Customizing logging # {#wrench-101-logging}
When running a WRENCH simulator you may notice that there is no logging output. By default logging output is disabled, but it is often useful to enable it (remembering that it can slow down the simulation). WRENCH's logging system is a thin layer on top of SimGrid's logging system, and as such is controlled via command-line arguments.
The bare-metal-chain
example simulator can be executed as follows in the
examples/basic-examples/bare-metal-chain
directory:
./wrench-example-bare-metal-chain 10 ./two_hosts.xml
The above generates no output whatsoever.
It is possible to enable some logging to the terminal.
It turns out the WMS class in that example (OneTaskAtATimeWMS.cpp
) defines a logging
category named custom_wms
(see one of the first lines of examples/basic-examples/bare-metal-chain/OneTaskAtATimeWMS.cpp
),
which can be enabled as:
./wrench-example-bare-metal-chain 10 ./two_hosts.xml --log=custom_wms.threshold=info
You will now see some (green) logging output that is generated by the WMS implementation.

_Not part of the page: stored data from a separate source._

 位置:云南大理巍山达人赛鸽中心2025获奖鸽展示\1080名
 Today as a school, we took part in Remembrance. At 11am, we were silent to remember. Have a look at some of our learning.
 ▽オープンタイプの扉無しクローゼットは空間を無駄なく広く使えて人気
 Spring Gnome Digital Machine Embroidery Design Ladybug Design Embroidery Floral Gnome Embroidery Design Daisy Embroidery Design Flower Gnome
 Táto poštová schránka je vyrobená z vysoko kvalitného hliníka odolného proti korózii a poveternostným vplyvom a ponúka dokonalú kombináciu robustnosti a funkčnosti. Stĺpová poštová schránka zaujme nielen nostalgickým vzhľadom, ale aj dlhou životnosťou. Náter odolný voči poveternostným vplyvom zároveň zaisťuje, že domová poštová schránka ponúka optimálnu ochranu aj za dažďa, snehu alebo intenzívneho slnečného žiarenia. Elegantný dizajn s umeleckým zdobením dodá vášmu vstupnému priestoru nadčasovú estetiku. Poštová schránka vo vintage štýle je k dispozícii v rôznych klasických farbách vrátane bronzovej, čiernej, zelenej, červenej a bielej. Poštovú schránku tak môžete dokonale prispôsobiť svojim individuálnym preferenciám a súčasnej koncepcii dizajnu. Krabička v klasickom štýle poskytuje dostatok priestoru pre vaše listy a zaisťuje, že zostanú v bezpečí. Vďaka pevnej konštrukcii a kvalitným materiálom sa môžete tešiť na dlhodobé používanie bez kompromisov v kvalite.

It is typical to want to see these messages as the WMS is the brain of the workflow execution. They can be enabled while other messages are disabled as follows:
One can disable the coloring of the logging output with the
--wrench-no-color
argument:
./wrench-example-bare-metal-chain 10 ./two_hosts.xml --log=custom_wms.threshold=info --wrench-no-color
Disabling color can be useful when redirecting the logging output to a file.

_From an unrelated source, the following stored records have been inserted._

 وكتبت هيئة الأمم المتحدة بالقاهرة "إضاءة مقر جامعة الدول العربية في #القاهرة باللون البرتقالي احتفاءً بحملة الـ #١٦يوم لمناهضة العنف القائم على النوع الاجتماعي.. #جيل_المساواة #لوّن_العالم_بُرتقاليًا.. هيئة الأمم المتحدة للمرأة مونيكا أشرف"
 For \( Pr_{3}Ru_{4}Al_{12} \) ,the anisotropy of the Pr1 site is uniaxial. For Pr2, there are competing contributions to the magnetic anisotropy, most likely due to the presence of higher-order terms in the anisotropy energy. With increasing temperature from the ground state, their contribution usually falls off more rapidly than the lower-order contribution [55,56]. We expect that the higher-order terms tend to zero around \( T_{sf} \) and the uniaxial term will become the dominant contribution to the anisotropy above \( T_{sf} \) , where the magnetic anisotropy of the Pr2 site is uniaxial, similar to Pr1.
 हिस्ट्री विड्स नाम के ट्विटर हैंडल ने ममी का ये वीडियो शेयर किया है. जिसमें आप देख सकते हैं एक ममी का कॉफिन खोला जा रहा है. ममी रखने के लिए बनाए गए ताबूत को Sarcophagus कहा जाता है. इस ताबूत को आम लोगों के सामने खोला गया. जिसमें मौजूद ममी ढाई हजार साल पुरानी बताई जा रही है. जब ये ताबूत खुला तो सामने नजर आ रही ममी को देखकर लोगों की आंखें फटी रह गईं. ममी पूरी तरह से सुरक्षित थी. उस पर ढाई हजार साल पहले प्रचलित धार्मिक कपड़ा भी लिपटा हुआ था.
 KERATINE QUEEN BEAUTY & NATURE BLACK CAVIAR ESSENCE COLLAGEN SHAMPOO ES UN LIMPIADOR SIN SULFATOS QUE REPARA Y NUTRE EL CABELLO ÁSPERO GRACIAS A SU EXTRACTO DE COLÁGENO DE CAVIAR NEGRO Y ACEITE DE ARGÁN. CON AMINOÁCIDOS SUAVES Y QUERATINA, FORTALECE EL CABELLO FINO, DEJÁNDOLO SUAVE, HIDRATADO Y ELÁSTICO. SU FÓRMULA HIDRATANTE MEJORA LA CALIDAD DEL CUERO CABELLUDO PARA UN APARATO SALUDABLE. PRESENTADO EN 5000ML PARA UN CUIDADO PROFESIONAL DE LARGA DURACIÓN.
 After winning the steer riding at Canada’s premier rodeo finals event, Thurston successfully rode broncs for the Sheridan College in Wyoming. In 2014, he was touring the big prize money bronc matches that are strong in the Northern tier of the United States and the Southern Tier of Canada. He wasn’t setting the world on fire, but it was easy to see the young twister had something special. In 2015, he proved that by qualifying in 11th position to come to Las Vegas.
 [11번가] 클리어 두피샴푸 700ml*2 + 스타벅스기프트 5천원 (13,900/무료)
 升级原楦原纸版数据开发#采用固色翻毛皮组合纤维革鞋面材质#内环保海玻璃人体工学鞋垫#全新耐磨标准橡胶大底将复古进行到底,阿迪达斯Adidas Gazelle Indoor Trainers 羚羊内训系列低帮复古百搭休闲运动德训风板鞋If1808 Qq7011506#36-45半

Enabling all logging is done with the argument --wrench-full-log
:
./wrench-example-bare-metal-chain 10 ./two_hosts.xml --wrench-full-log
The logging output now contains output produced by all the simulated
running processed. More details on logging capabilities are displayed when
passing the --help-logs
command-line argument to your simulator. Log
category names are attached to *.cpp
files in the simulator code, the
WRENCH code, and the SimGrid code. Using the --help-log-categories
command-line argument shows the entire log category hierarchy (which is huge).
See the Simgrid logging documentation for all details.